Input: A = 1000000000, B = 2000000000
Output: 1500000000.000000
Explanation: (A + B)/2 = (1000000000+ 2000000000)/2 = 1500000000.000000

Input: A = 2000000000, B = 2000000001
Output: 2000000000.500000
Explanation: (A + B)/2 = (2000000000 + 2000000001)/2 = 2000000000.500000

Approach: To solve the problem, follow the below idea:

We know that average of two numbers A and B = (A + B) / 2 but if we try to compute the sum of A and B, it will lead to an overflow. So, we need to apply a different formula to compute the average.
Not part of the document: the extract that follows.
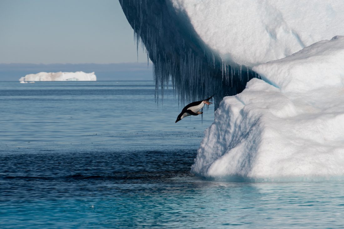 Description: Un manchot Adélie plonge depuis un iceberg, Antarctique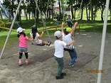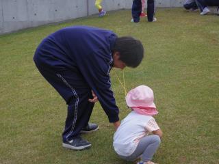 3歳児クラスでは、おにぎり作りに挑戦しました。手作りのおにぎりに旗を立てて完成です。少し大きめのおにぎりでしたがみんな残さず食べたそうです。ホールを使って、器具を使ったり、ゲームをしたりして楽しく過ごしたクラスもありました。

Since average of A and B is half of the sum of A and B. We can also compute average as (A/2) + (B/2).

Below is the implementation of the approach:

C++
#include <iostream>
using namespace std;

// Function to compute average of two numbers
double computeAverage(int a, int b) {
    return (a / 2.0) + (b / 2.0);
}

// Driver code
int main() {
    // Assigning maximum integer value
    int a = 2000000000, b = 2000000001;

    // Function to get the average of 2 numbers
    printf("Average: %.6f", computeAverage(a, b));
    return 0;
}
Java
// Java code to compute
// average of two numbers
import java.io.*;

class GFG {

    // Function to compute average of two numbers
    static double computeAverage(int a, int b)
    {
        return (a / 2.0) + (b / 2.0);
    }

    // Driver code
    public static void main(String[] args)
    {
        // Assigning maximum integer value
        int a = 2000000000, b = 2000000001;

        // Function to get the average of 2 numbers
        System.out.printf("Average: %.6f", computeAverage(a, b));
    }
}
Python
# Function to compute average of two numbers
def compute_average(a, b):
    return (a / 2.0) + (b / 2.0)

# Assigning maximum integer value
a, b = 2000000000, 2000000001

# Function to get the average of 2 numbers
print("Average: {:.6f}".format(compute_average(a, b)))
C#
using System;

class Program
{
    // Function to compute average of two numbers
    static double ComputeAverage(int a, int b)
    {
        return (a / 2.0) + (b / 2.0);
    }

    // Driver code
    static void Main()
    {
        // Assigning maximum integer value
        int a = 2000000000, b = 2000000001;

        // Function to get the average of 2 numbers
        Console.WriteLine("Average: {0:F6}", ComputeAverage(a, b));
    }
}
JavaScript
// Function to compute average of two numbers
function computeAverage(a, b) {
    // Using floating-point division to ensure accurate average
    return (a / 2.0) + (b / 2.0);
}

// Main function
function main() {
    // Assigning maximum integer value
    const a = 2000000000, b = 2000000001;

    // Call the computeAverage function to get the average of two numbers
    console.log("Average:", computeAverage(a, b).toFixed(6));
}

// Call the main function to execute the program
main();

Output
Average: 2000000000.500000

Time Complexity: O(1), the code will run in a constant time.
Auxiliary Space: O(1), no extra space is required, so it is a constant.

Approach 2:

We can also calculate the average of two numbers A and B using the formula: A + (B – A)/2.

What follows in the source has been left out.